#### WORK INSTRUCTIONS:
The material below holds pictures, which are to be left out; copy exactly the lines from the one with "原文登载于新浪财经2月26日" through the one with "from unintentional damage.".

#### INPUT FOR THIS TASK:
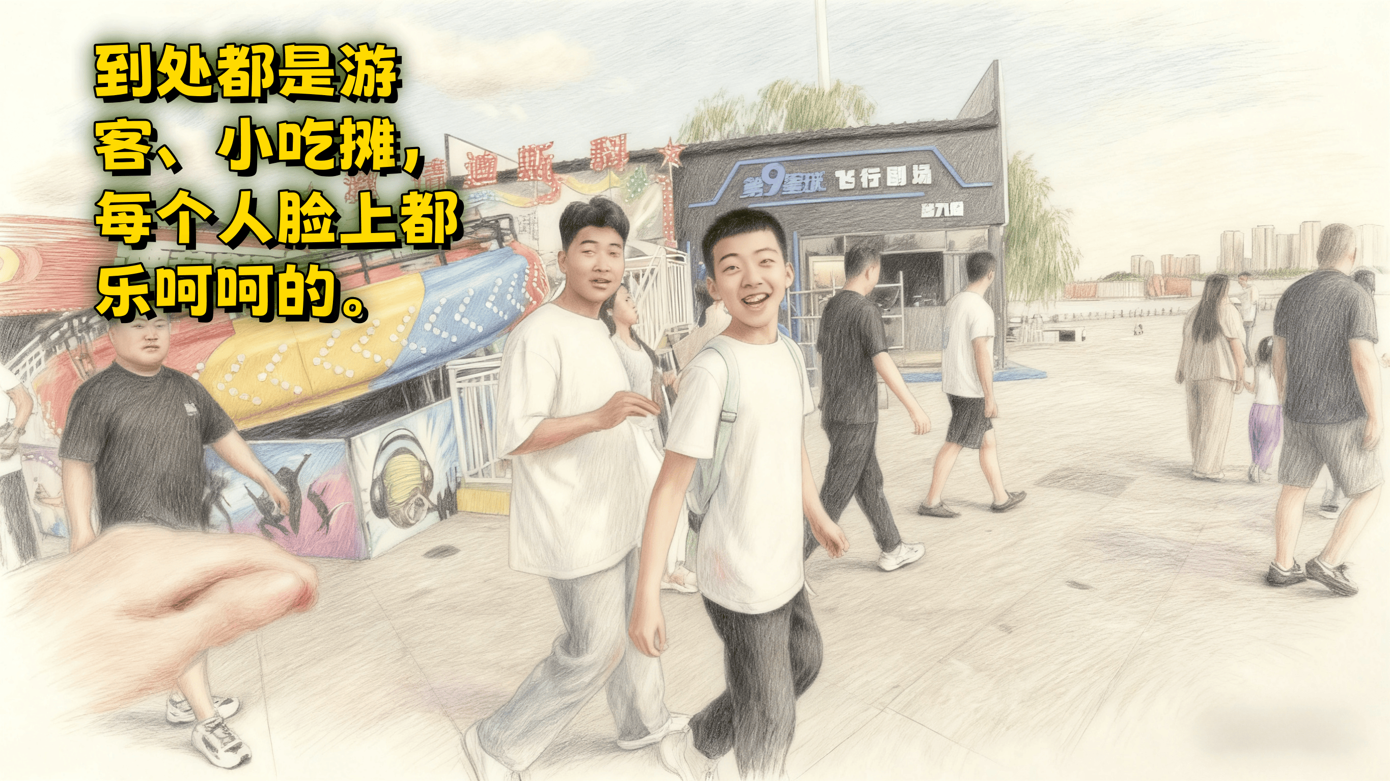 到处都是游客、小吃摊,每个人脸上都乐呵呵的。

* * *

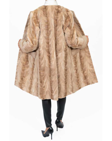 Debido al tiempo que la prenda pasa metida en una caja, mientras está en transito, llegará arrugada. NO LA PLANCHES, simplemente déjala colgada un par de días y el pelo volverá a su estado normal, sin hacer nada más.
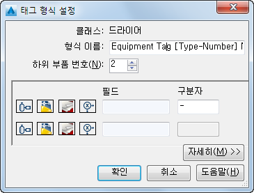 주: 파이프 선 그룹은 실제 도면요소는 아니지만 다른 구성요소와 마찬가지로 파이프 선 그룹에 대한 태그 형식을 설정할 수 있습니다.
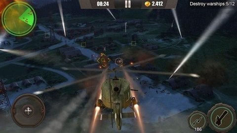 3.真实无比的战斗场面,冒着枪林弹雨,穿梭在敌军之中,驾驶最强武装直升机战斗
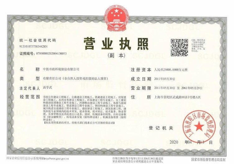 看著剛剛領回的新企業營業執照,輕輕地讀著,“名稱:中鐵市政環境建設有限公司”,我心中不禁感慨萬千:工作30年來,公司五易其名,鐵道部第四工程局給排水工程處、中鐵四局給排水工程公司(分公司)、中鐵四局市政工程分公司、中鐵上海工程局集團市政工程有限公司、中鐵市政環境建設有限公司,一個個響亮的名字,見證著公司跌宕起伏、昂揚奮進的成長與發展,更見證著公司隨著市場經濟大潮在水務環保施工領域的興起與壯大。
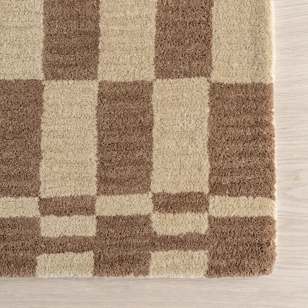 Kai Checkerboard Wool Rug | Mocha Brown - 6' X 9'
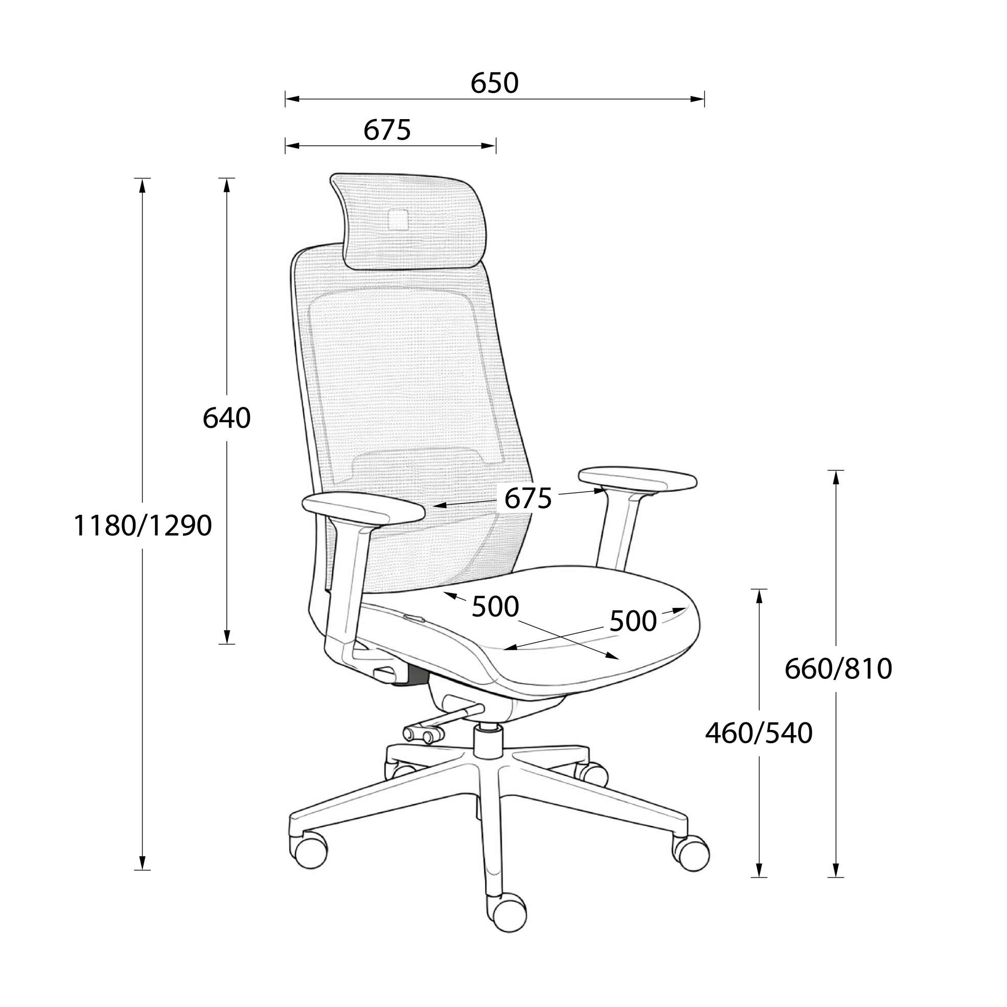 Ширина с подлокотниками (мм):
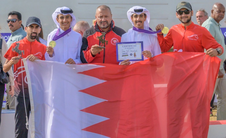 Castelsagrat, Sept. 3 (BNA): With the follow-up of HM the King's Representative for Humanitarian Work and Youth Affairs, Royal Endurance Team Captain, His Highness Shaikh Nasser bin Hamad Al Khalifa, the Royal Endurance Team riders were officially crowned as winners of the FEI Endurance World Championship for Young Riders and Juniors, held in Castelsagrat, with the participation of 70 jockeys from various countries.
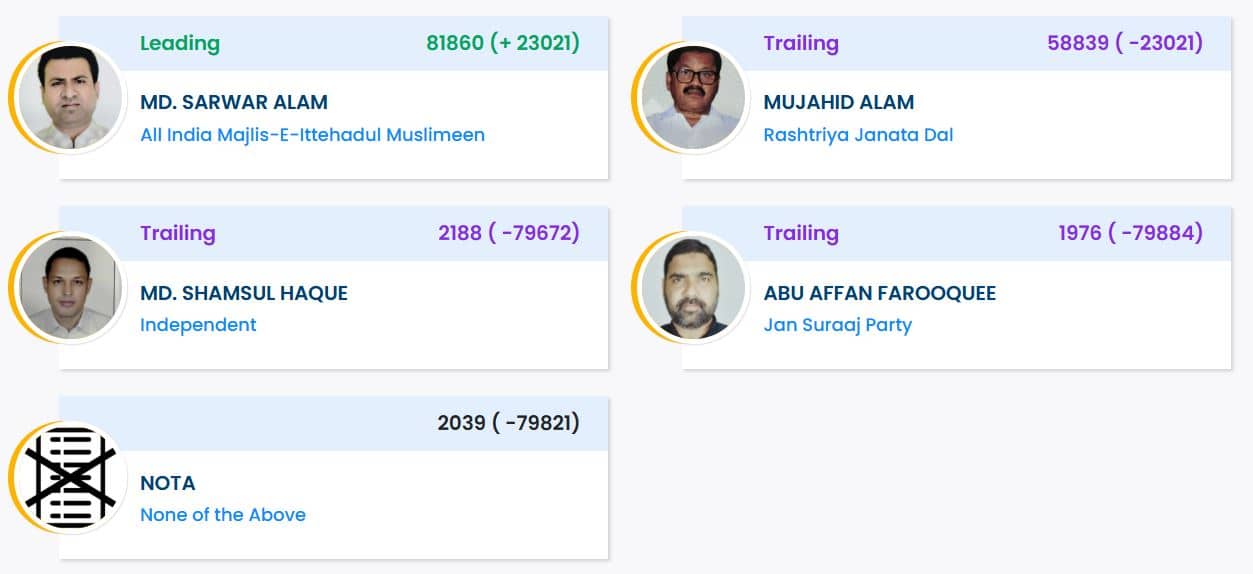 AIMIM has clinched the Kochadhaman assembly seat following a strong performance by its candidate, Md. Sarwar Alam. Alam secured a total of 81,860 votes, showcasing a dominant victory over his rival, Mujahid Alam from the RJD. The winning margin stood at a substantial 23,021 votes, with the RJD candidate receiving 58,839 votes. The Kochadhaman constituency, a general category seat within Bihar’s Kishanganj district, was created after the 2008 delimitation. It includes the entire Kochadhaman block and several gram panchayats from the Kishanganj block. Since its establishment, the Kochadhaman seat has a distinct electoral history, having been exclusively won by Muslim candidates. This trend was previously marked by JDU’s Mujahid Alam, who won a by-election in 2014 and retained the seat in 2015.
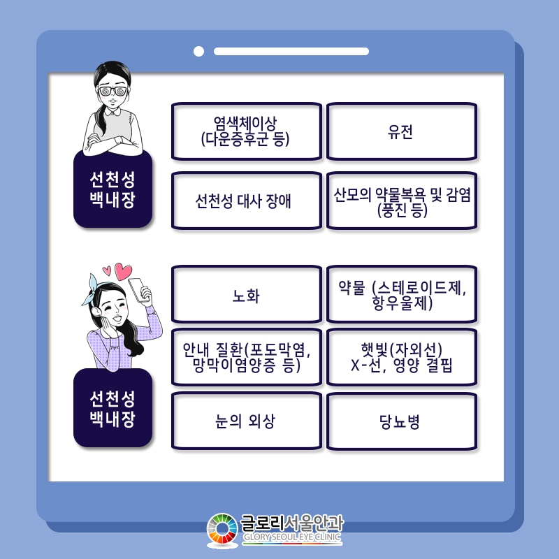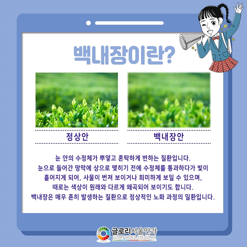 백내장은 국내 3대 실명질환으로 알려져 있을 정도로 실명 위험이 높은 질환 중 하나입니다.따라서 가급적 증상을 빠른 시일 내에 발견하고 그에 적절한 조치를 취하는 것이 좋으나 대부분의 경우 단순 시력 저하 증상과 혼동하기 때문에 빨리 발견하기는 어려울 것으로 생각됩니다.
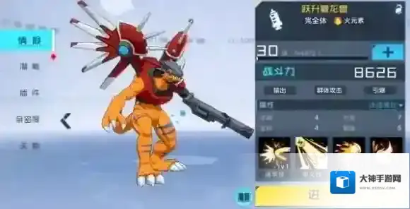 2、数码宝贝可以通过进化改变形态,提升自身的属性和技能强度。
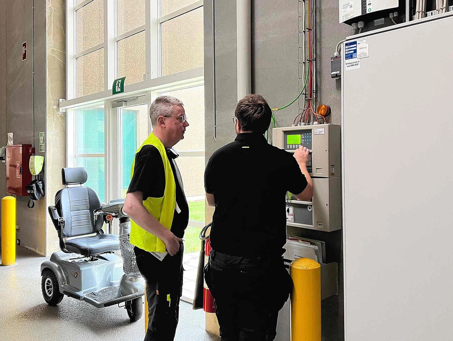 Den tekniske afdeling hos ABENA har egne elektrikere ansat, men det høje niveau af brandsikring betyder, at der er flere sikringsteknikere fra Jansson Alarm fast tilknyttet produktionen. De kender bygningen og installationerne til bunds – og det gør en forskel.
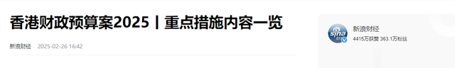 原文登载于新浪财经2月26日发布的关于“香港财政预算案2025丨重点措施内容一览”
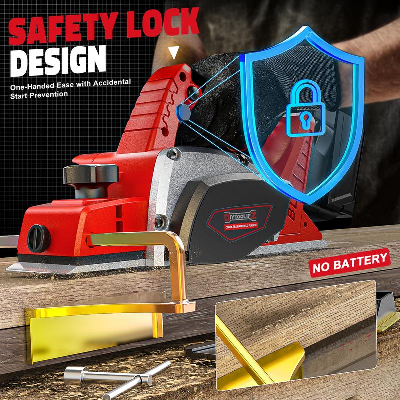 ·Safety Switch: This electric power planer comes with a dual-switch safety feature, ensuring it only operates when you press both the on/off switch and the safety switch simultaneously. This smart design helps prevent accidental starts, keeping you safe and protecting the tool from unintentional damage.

#### RESPONSE FOR THIS EXERCISE:
 原文登载于新浪财经2月26日发布的关于“香港财政预算案2025丨重点措施内容一览”
 ·Safety Switch: This electric power planer comes with a dual-switch safety feature, ensuring it only operates when you press both the on/off switch and the safety switch simultaneously. This smart design helps prevent accidental starts, keeping you safe and protecting the tool from unintentional damage.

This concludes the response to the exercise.